**Aim of the task**
Pictures are not repeated. Every line from the beginning of the entries through the one with "图2 2010.11.22白糖1109合约持仓情况" is restated exactly.

BEGIN Data to use

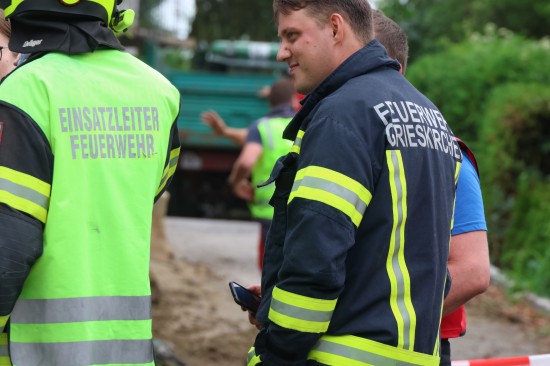 Bei Grabungsarbeiten mit einem Bagger wurde am Donnerstagvormittag in Grieskirchen eine Gasleitung beschädigt. Die Feuerwehr und Techniker des Energieversorgungsunternehmens standen im Einsatz.
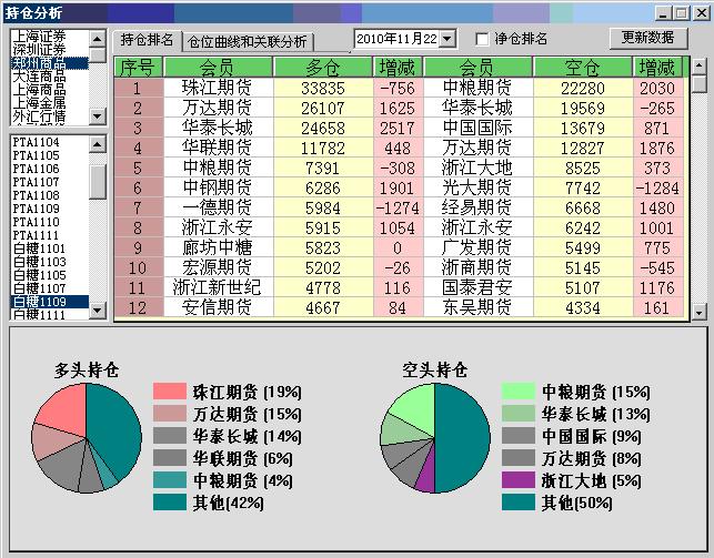 图2 2010.11.22白糖1109合约持仓情况
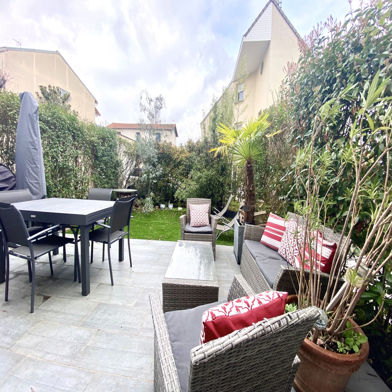 Idéal famille. Proximité collège Paparemborde, 10 mn gare de La Garenne-Colombes et du Tram T2. Dans une résidence récente, sécurisée et au calme, maison familiale (env. 123 m2) avec terrasse et jardin. Au RDC, entrée, cuisine dînatoire aménagée et équipée, salon de plain-pied sur une belle terrasse et un joli jardin, wc, accès au garage. Au premier étage, 3 chambres dont une chambre suite avec salle d'eau, salle de bain avec wc. Au second, très bel espace parents avec une salle d'eau et de nombreux rangements. Possibilité achat un Box en plus. Vous serez séduit par la distribution optimale de cette maison, sa décoration soignée, son confort et son calme.
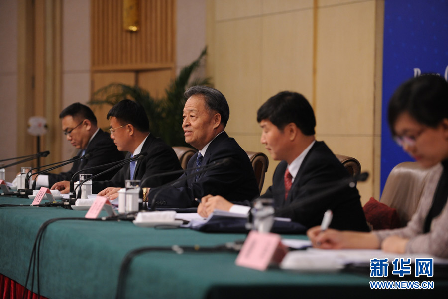 十二届全国人大四次会议新闻中心于3月14日(星期一)10时在梅地亚中心多功能厅举行记者会,邀请交通运输部部长杨传堂、交通运输部运输服务司司长刘小明、北京交通发展研究中心主任郭继孚就“深化出租汽车改革与发展”的相关问题回答中外记者的提问。图为交通运输部部长杨传堂答记者问。新华网/中国政府网 陈杰 摄
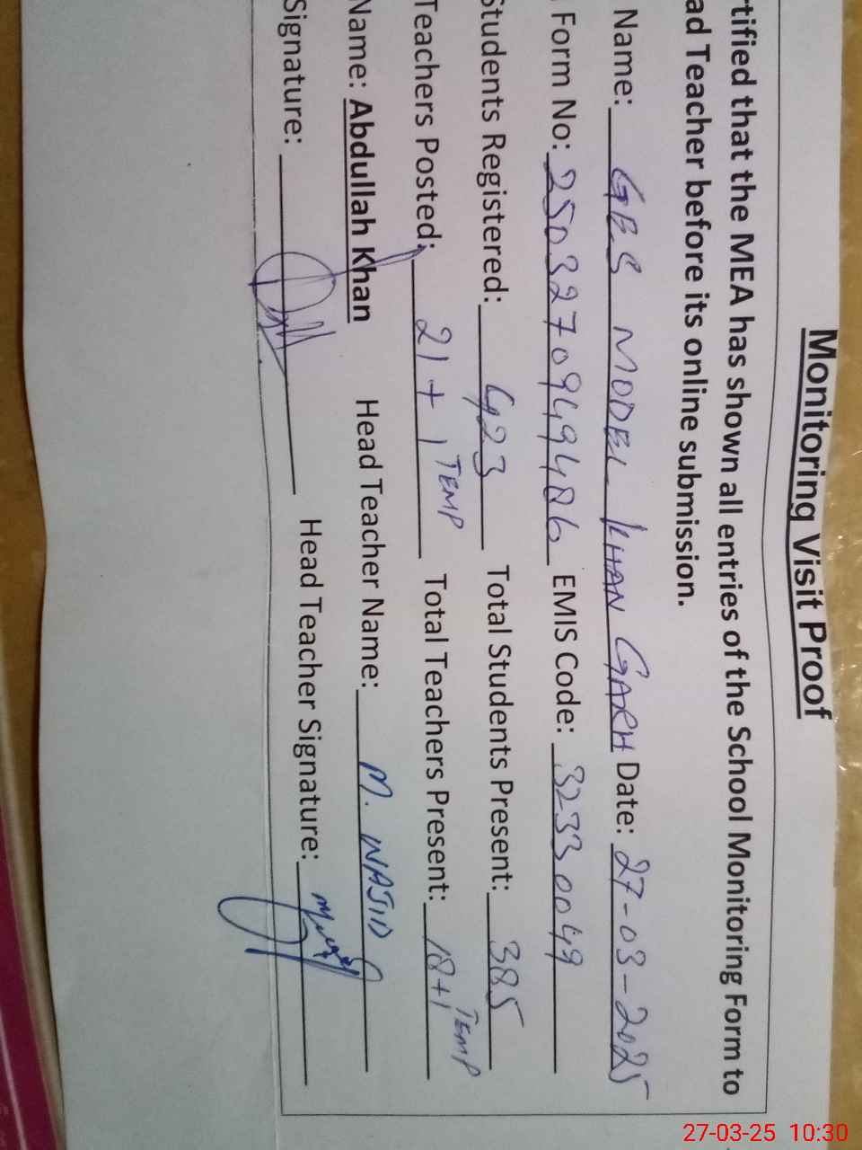 | EMIS Code: 32330049 | Name of School: GES MODEL KHAN GARH | |||
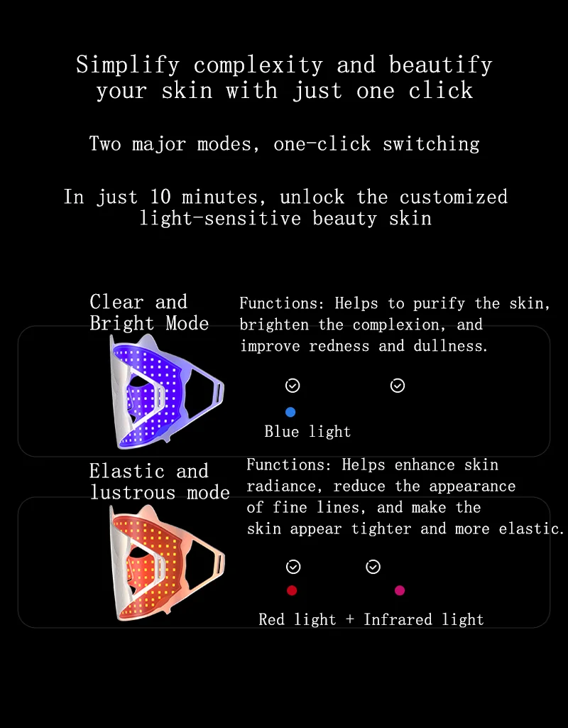 LED Beauty Mask Red Blue Light Home Skin Rejuvenation Device Brightens Skin Tone Improves dull Oily and Acne-prone Skin Care
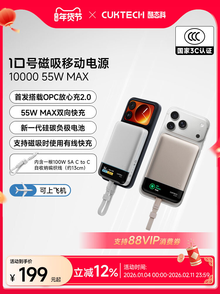 百亿补贴【3C认证】CUKTECH酷态科10号超级磁吸电能卡可上飞机充电宝自带线便携移动电源适用于iPhone16苹果17ProMax
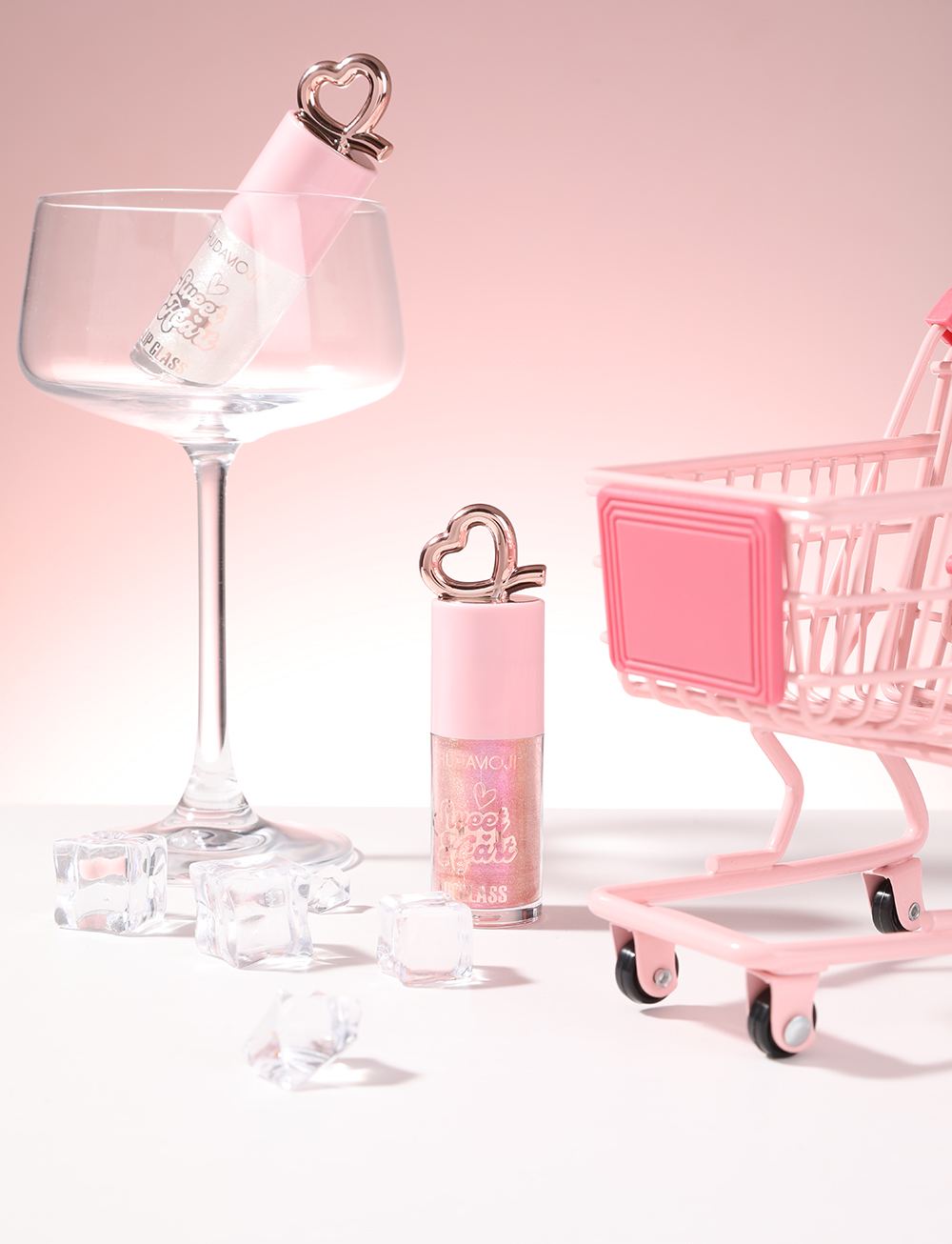 cosmetics including lip gloss, lipstick, eyeshadow,
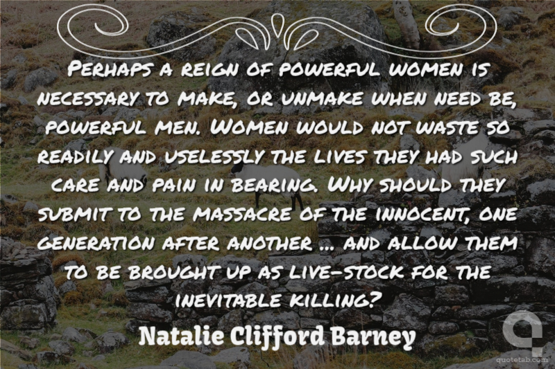 Perhaps a reign of powerful women is necessary to make, or unmake when need be, powerful men. Women would not waste so readily and uselessly the lives they had such care and pain in bearing. Why should they submit to the massacre of the innocent, one generation after another ... and allow them to be brought up as live-stock for the inevitable killing?
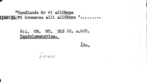 //// "Handlande är vi allihopa //// ^SBOg^-ti kommersa alli allihopa "......... //// 5 //// 8:4. OR. MU. SLS 22. s.605. ^ //// Handelsmansvisa. //// ÅBo. ////
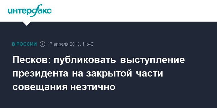 Песков: публиковать выступление президента на закрытой части совещания неэтично
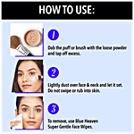Blue Heaven Flawless Finishing Powder, beauty secret and photo focus. Blue Heaven Flawless Finishing Powder Glides Over Your Skin for a translucent veil that keeps cosmetics intact all day long & feels feather soft. It is an oil-free product with oil-absorbing ingredients that creates a matte look & give a natural finish.
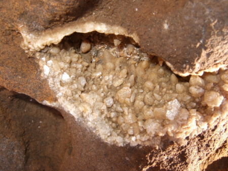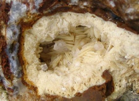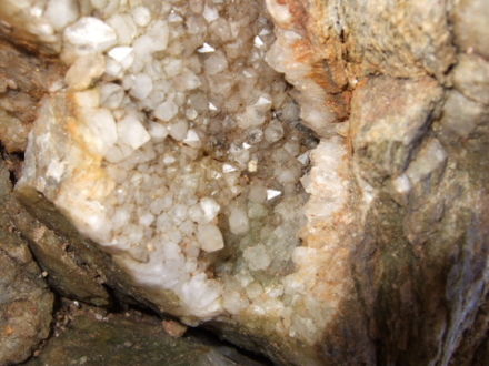 De petites géodes de quartz cristallisé peuvent parfois s'observer :

END Data to use

**Solved exercise**
 Bei Grabungsarbeiten mit einem Bagger wurde am Donnerstagvormittag in Grieskirchen eine Gasleitung beschädigt. Die Feuerwehr und Techniker des Energieversorgungsunternehmens standen im Einsatz.
 图2 2010.11.22白糖1109合约持仓情况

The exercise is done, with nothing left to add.